We verwachten om na ons huidige pilotproject van één jaar een beter beeld te hebben van veranderingen die plaatsvinden in het beenmerg van patiënten met uitgezaaide neuroblastoom. Daarna willen we in een vervolgproject onderzoeken of deze veranderde MSCs de uitgezaaide tumorcellen in het beenmerg kunnen beschermen. Om uit te zoeken welke factoren daarbij een rol spelen willen we de interactie nabootsen in het lab met behulp van de organoïden technologie. Organoïden zijn mini-tumoren die in schaaltjes in het lab gekweekt worden uit tumormateriaal. Zij hebben dezelfde eigenschappen als de originele tumoren. Deze experimenten zullen ons meer inzicht geven in de manier waarop neuroblastoom-cellen zich schuilhouden in het beenmerg en hoe we uitgezaaide tumorcellen beter kunnen aanpakken.

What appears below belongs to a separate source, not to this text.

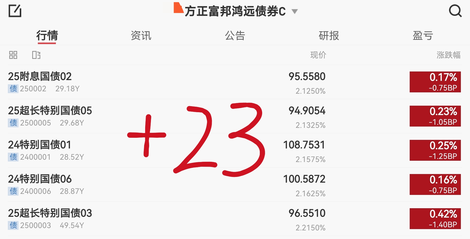 $方正富邦鸿远债券C(OTCFUND|015909)$收23个蛋5。

Wat heeft jou gedreven om onderzoek in de kinderoncologie te gaan doen?
Ik ben altijd al geïnteresseerd in hoe het menselijk lichaam werkt en hoe het mis kan gaan. In de kinderoncologie dringt de impact van het onderzoek nog meer door. Kinderen met neuroblastoom zijn zo jong als ze kanker krijgen, ze hebben nog een hele toekomst voor zich. Doordat ik veel in het lab werk, sta ik redelijk ver van de kinderen af. Het lijkt me ontzettend zwaar om direct verantwoordelijkheid te dragen voor zieke kinderen en hun behandeling. Ons onderzoek is echt een eerste stap, op celbiologisch niveau, maar kan uiteindelijk de basis vormen voor effectievere behandelmethoden. Hopelijk draag ik daarmee bij aan betere perspectieven voor neuroblastoompatiënten, en mogelijk ook voor kinderen met andere kankersoorten.